In the present case, testing needs help speeding up delivery. AI in quality assurance can help us get there. 


Benefits of Using AI Technology for Quality Monitoring and Control


Expedited Timelines

There are many ways our team of developers speeds up the process of developing an application. Canceling interruptions, including the testing process, are one of them. Instead of passing thousands of lines of code, the AI will be able to sort through log files, scan the codes, and detect errors in seconds. In addition, AI does not have burnout syndrome and thus produces better and accurate results. 

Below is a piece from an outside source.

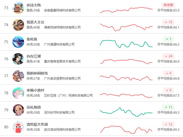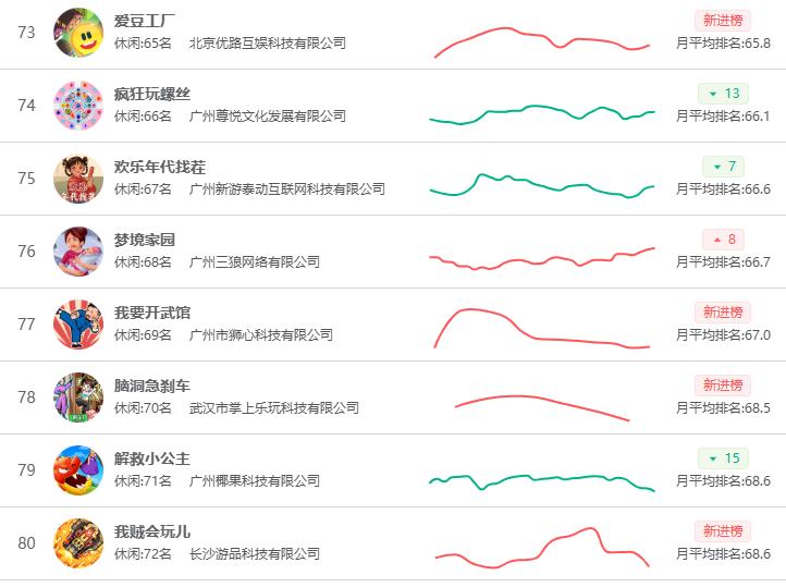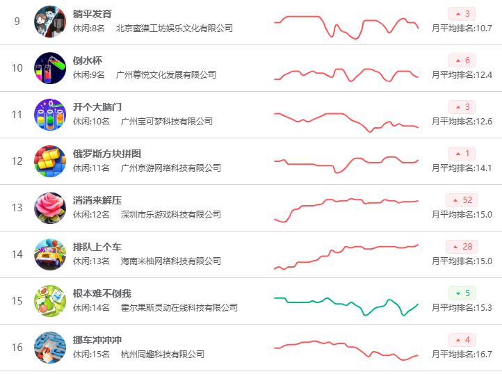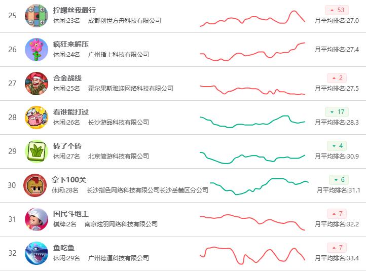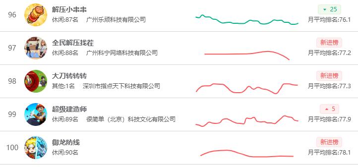 10月小游戏百强榜出炉:点点互动、名臣健康、芒果TV、两类题材是热点

Also, AI can come up with code changes. It can adapt and define new functions and can be considered to determine if something is a new feature or an error from a change of code.


Well-researched Release

Using Artificial Intelligence in Quality Assurance makes it possible to test similar apps and see what has contributed to their success. After understanding the needs of the market, new test cases can be made to ensure that the application does not break when it comes to achieving specific goals.

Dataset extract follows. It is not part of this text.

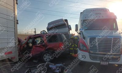 Irapuato, Guanajuato.- Dos muertos y dos lesionados de gravedad, fue el saldo que dejó un choque múltiple entre un automóvil, una camioneta y dos tráiler, sobre...

Experimental Test Performance

In the meantime, a reasonable amount of time for a QA expert is planning on setting up test cases that will enable them to present the application. The same procedure should be used every time a new version is released on the market. 

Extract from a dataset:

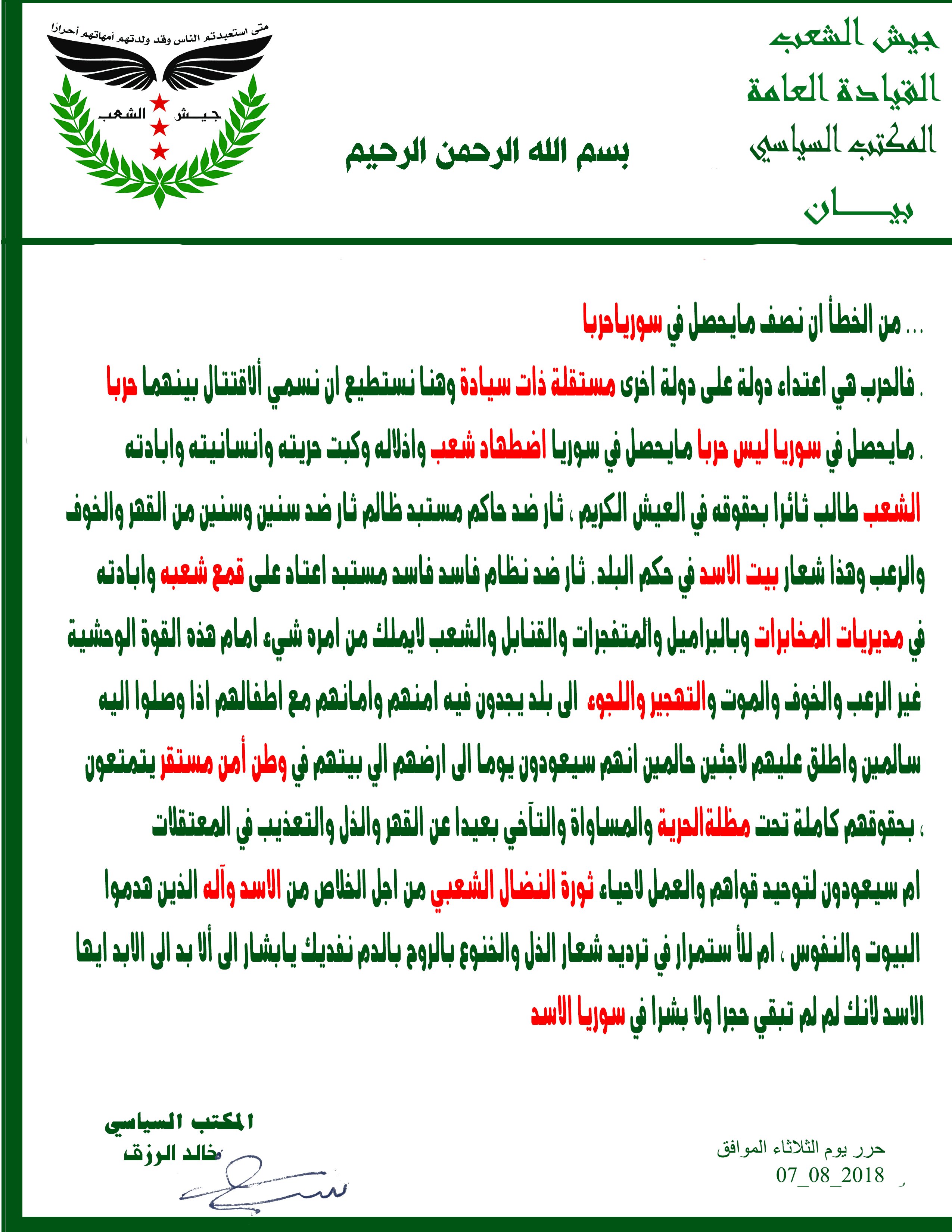 بيان المكتب السياسي لجيش الشعب حول إطلاق كلمة حرب على ما يجري في سوريا

Experimental AI input tools can help testers analyze an app by crawling across the screen and producing, using their test conditions, and saving time for editing.


Expended Tester's Role

With AI entering the picture, teams of QA engineers will find themselves learning new skills. They will need to develop their neurolinguistics programs, business intelligence, mathematical modeling, and algorithmic analysis skills.


The role of AI in quality assurance: Autonomous QA test cases

  • The AI builds test cases on the journey of predetermined and regular users and then checks the observations around the bugs.
  • AI explores how one cannot think and cleverly clears checks to increase coverage.
  • AI code modules contain and create experiments to test quirks for specific developers and historical bug patterns.
  • When we talk about the AI test cases in Quality Assurance, here are some ways that testers are using AI right now.
  • AI implementation with image-based testing.
  • To determine whether a test is valid for testing.
  • Uses AI spidering
  • Testing Test API
  • Default functions
  • With the active involvement of AI and machine learning at Certified Quality, the future will explore QA experts.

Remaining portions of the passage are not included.